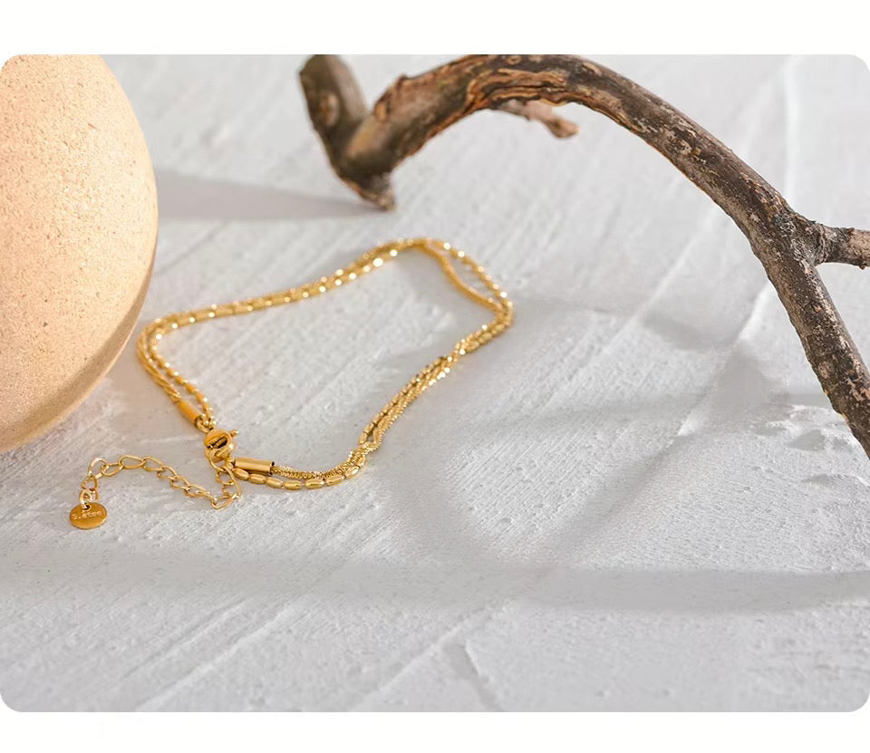 A touch of elegance with twice the charm , the Double Delight Anklet features dual layered chains, gracefully designed to drape around your ankle with effortless sophistication. Each layer complements the other, creating a refined, stacked look that catches the light with every step.
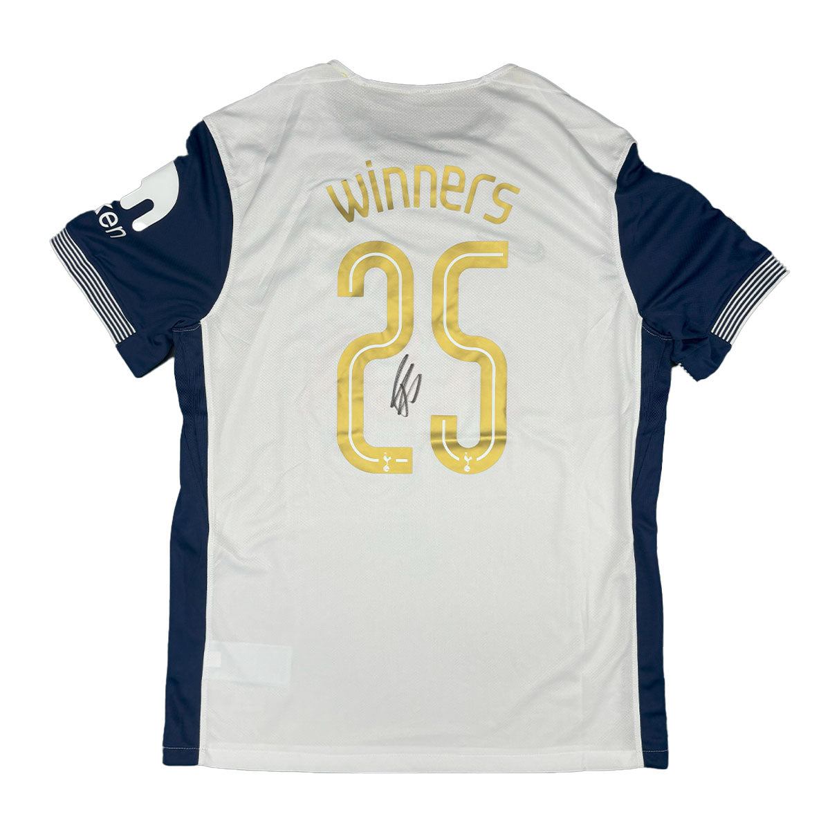 This Tottenham Hotspur ' Winners 25' 2024/2025 Home Shirt was signed by Brennan Johnson.
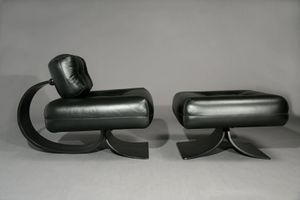 Oscar Niemeyer easy lounge and ottoman used in Communist Party Headquarters.
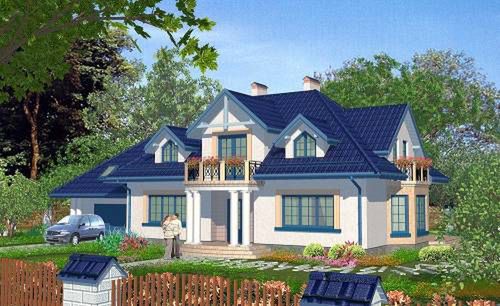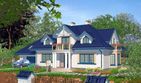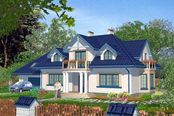 Graficzne opracowanie rzutów poglądowych widocznych na karcie projektu zostało wykonane przez Extradom.pl. Prezentowane przez Extradom.pl wizualizacje wykonane zostały przez autora projektu i należy poczytywać je jedynie za przykład i propozycję wykończenia, wizję architektoniczną autora projektu. Ostateczne wykończenie budynku może nastąpić na wiele sposobów. Szczegółowe rozwiązania zastosowane w oferowanej dokumentacji - w tym również ilość, lokalizacje i wygląd okien, drzwi, kominów - mogą w niewielkim stopniu różnić się od prezentowanej wizualizacji budynku.
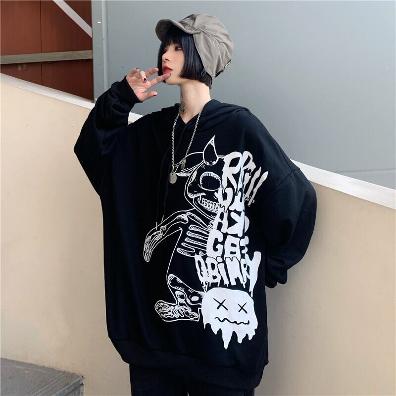 フード付きセーター女性秋/冬2020新バージョンins原宿スタイル漫画黒ルーズbfプラスベルベットジャケット潮 Brother_is_Style1439455143
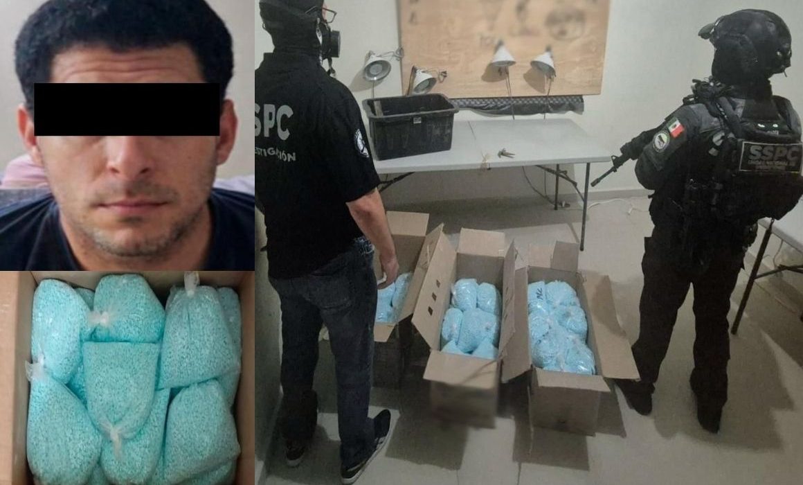 Durante los cateos, las autoridades localizaron más de 270 kilogramos de fentanilo en distintas presentaciones, incluyendo polvo y pastillas. Según estimaciones oficiales, esta cantidad equivale aproximadamente a 14 millones de dosis que no llegarán al mercado ilegal.
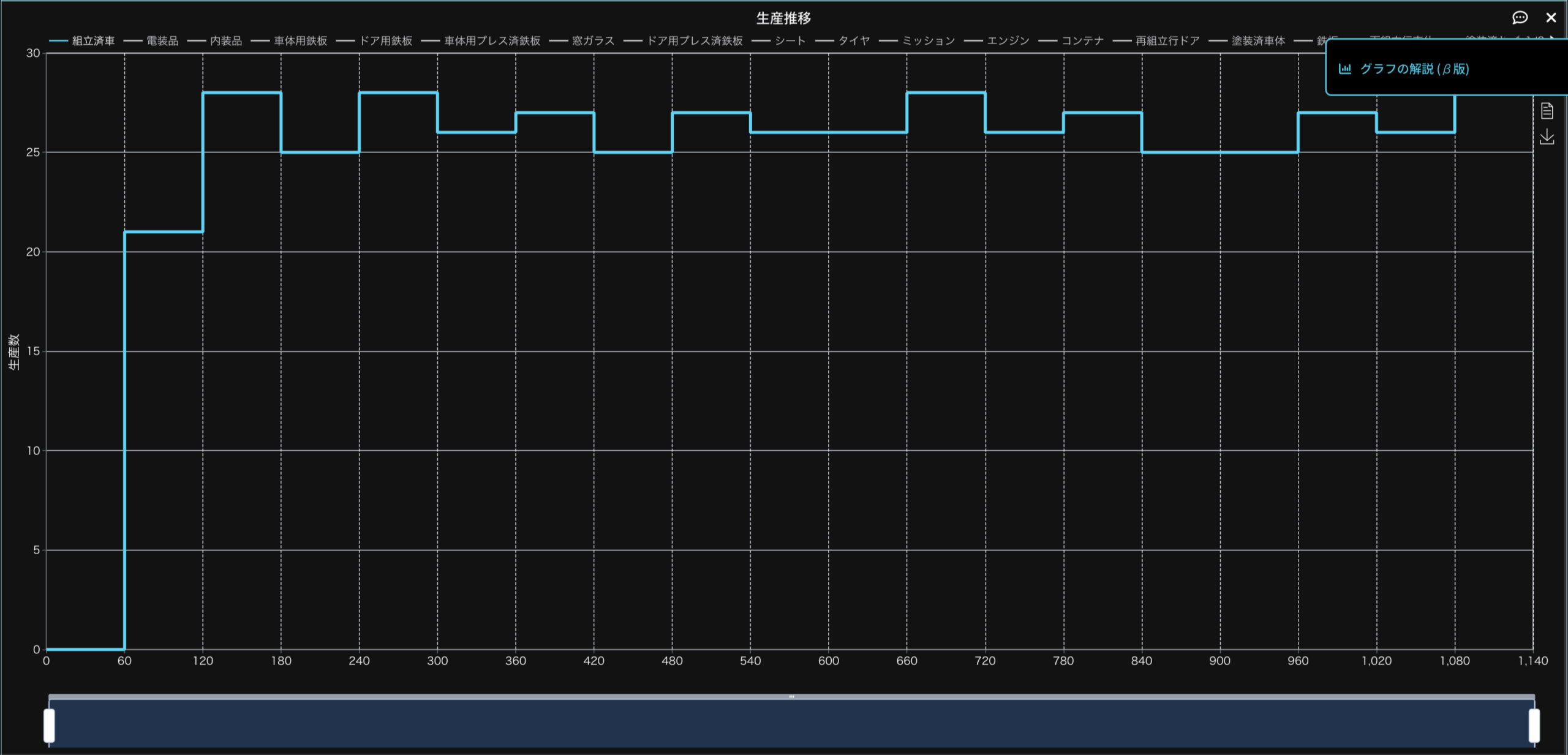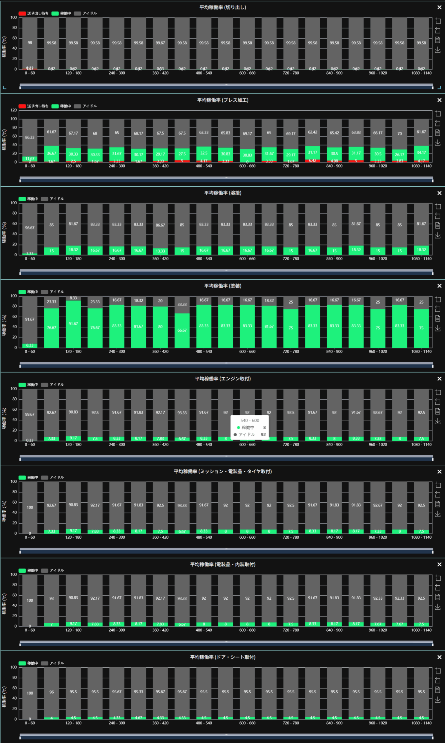 次に、各プロセスのステータス推移をみていくことで、設定したパラメーターに対して、各プロセスが順調に動いているかを判断することが可能です。先ずは自動車の組立に必要な車体の生産に必要な加工プロセスの稼働率を確認してみましょう。いずれの工程も稼働率が100%にはなっておらず、車体の生産には余裕がまだあることが分かります。
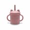 Caractéristiques de la Tasse silicone avec poignée et paille rose :
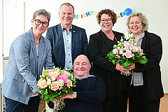 Kassel (lwv): Doppelter Amtswechsel beim Landeswohlfahrtsverband (LWV) Hessen: Susanne Selbert (SPD), seit 2018 an der Spitze des LWV, hat heute Susanne Simmler (SPD) als Nachfolgerin begrüßt und ihr für das Amt als Landesdirektorin die besten Wünsche mit auf den Weg gegeben. Der bisherige Erste Beigeordnete Dr. Andreas Jürgens (Bündnis 90/Die Grünen), seit 2012 in führender Position beim LWV, übergab seine Amtsgeschäfte an Ulrike Gote (Bündnis 90/Die Grünen). Komplettiert wird die neu formierte Verbandsspitze durch den hauptamtlichen Beigeordneten und Kämmerer Dieter Schütz (FDP). Die neue Landesdirektorin und die neue Erste Beigeordnete wurden für eine Amtszeit von sechs Jahren gewählt. Schütz war bereits im vergangenen Sommer in seinem Amt bestätigt worden und begann seine zweite Amtszeit am 1. Januar 2024. Die ausscheidenden Selbert und Dr. Jürgens kandidierten für keine weitere Amtszeit und verabschieden sich in den Ruhestand.
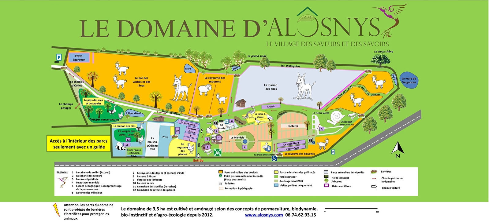 Découvrez le domaine d'Alôsnys, parc de 3.5 ha avec son jardin mandala en auto-cueillette, ses parcs d'animaux, son espace formation, ses airs de jeux, sensoriels et de loisirs, sa grande collection d'aromatiques, ses plantes médicinales, la pépinière, le petit magasin et la graineterie. Découvrez son grand chemin pieds nus en forme d'escargot. Petite dégustation ouverte à tous les visiteurs.
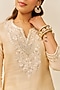 Beige Chanderi Silk Embroidered A-Line Kurta Set For Girls
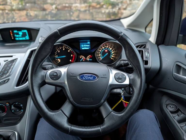 Desirable 7 seater family hatchback presented in Metallic blue Hugely popular 1.6 TDCi engine returning 115BHP and incredible miles per gallon The Ford Grand C-max is desirable and family friendly with a comfortable and spacious interior and desirable looks. ONLINE PRICES - SHOWROOM SERVICE.Deep Impact Blue, 16in Alloy Wheels - 5 Spoke - Y Design, Bluetooth Hands-free Phone, Electric Windows - Global Opening-Closin, 7 Seats, Deep Impact Blue, 12V Power Socket - Additional Rear, 12V Power Socket - Front, 16in Alloy Wheels - 5 Spoke - Y Design, ABS - Anti-lock Braking System, AUX Input Socket, Air Conditioning - Manual, Airbag - Front Passenger, Airbags - Driver, Airbags - Front and 2nd Row Curtain, Airbags - Side Impact, Alarm - Thatcham Category 1 with Volume Sensing and Perimeter, Anti-roll protection, Bluetooth Hands-free Phone, Body Colour Exterior Mirrors, Brake Warning Lights - Automatic Flashing of Brake Lights Under Heavy Braking, CD storage, Centre Console - Sliding Armrest, Courtesy Light - LED Overhead and Load Compartment, Door Mirrors - Electrically Operated and Heated, Door Mirrors with Integrated Indicators, Door lever front - Satin Chrome finish, Doors - Sliding Rear Passengers, Drivers Seat Lumbar Support, EBA - Emergency Brake Assist, EBD - Electronic Brakeforce Distribution, ESP - Electronic Stability Programme, Electric Windows - Front and Rear with One Touch, Electric Windows - Global Opening-Closing, Emergency Assistance, Extended Integrated Control Panel, Ford AM-FM CD Audio System, Ford DAB Audio System, Ford Easy Fuel System, Ford Easy-Fuel Capless Refuelling System, Ford SYNC, Front Fog Lights, Front Seat - Passengers Manual Fore-Aft Adjustment, Front suspension - Independent with MacPherson Struts, Fuel Computer, Gearshift Knob - Leather, Heated Front Windscreen, Locking Wheel Nuts, Mid MFD - 3.5in Dot Matrix, Outside temperature thermometer, Parking Sensor - Rear, Power Rear Door Child Locks, Power Steering, Rear Seats - 2nd Row Easy Entry Tip and Slide System, Rear Seats - Two 3rd Row Individual Fold Flat Seats with Height Adjustable Head Restraints, Remote Central Locking, Seats - Drivers Manual Height and Fore-Aft Adjustment, Steering Column - Rake and Reach Adjustment, Steering Wheel - 4 Spoke Leather Trimmed, Steering Wheel - Multifunction, Stowage Boxes - Two underneath rear passengers foot area, Stowage Boxes - Two underneath rear passengers foot area in 2nd row, Tonneau Cover, Traction Control - TC, Tyre Repair Kit, USB Connection - iPod Connectivity, Voice Control - Audio

------

PROBLEM >> Exactly reproduce the lines that run from the first line of the listing above to the line containing "Oscar Niemeyer easy", including both; omit the pictures.

ANSWER SECTION >>
 A touch of elegance with twice the charm , the Double Delight Anklet features dual layered chains, gracefully designed to drape around your ankle with effortless sophistication. Each layer complements the other, creating a refined, stacked look that catches the light with every step.
 This Tottenham Hotspur ' Winners 25' 2024/2025 Home Shirt was signed by Brennan Johnson.
 Oscar Niemeyer easy lounge and ottoman used in Communist Party Headquarters.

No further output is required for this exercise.